Purpose: This study aims to develop an interpretable predictive model combining contrast-enhanced CT (CECT) radiomics features with clinicopathological parameters to assess 3-year recurrence risk after surgery for lung adenocarcinoma (LA).

Methods: A retrospective cohort of 350 LA patients (126 recurrence, 224 non-recurrence) from Xiangyang NO.1 People’s Hospital (2016–2023) was included. Radiomics features were extracted from arterial and venous phase CECT images using 3D Slicer’s Radiomics plugin. Features with intraclass correlation coefficient (ICC > 0.75) were selected, followed by LASSO regression with cross-validation to generate radiomics scores (Radscore3 for intratumoral and Radscore4 for peritumoral regions). Clinical variables (sex, heterogeneous enhancement, pleural invasion, Ki67) were integrated via chi-square/t-test analysis. Ten machine learning algorithms (e.g., XGBoost, CatBoost, Random Forest) were trained on a stratified 7:3 split (training: n=245; testing: n=105) with five-fold cross-validation. Model performance was evaluated using ROC curves (AUC), calibration curves, decision curve analysis (DCA), and a nomogram.
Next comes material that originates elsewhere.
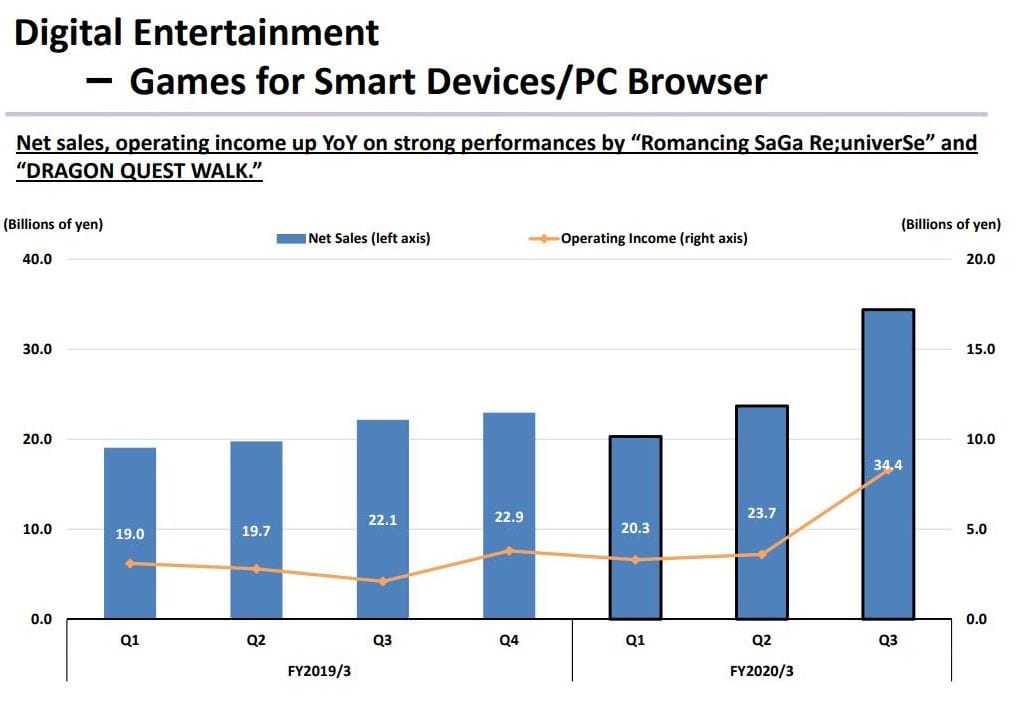 In the smart devices and PC browser area, net sales and operating income increased year on year since “Romancing SaGa Re;univerSe” and “DRAGON QUEST WALK,” the latter of which was launched in September 2019 performed well.

Results: Univariate analysis identified sex (OR=1.66, p=0.02), heterogeneous enhancement (OR=4.32, p<0.05), visceral pleural invasion (OR=4.75, p<0.05), Radscore3 (OR=356.17, p<0.05), Radscore4 (OR=1529.16, p<0.05), and Ki67 (OR=1.09, p=0.01) as significant predictors. Among machine learning models, CatBoost achieved superior performance (AUC=0.883, 95% CI:0.811–0.955) compared to logistic regression (AUC=0.877, 95% CI:0.804–0.949) in test set. Calibration curves demonstrated high consistency between predicted and observed recurrence risks, while DCA indicated clinical utility at threshold probabilities >0.17. SHAP analysis highlighted heterogeneous enhancement, visceral pleural invasion, Radscore3/4, and Ki67 as key contributors. The nomogram integrated these factors, enhancing model interpretability and clinical applicability.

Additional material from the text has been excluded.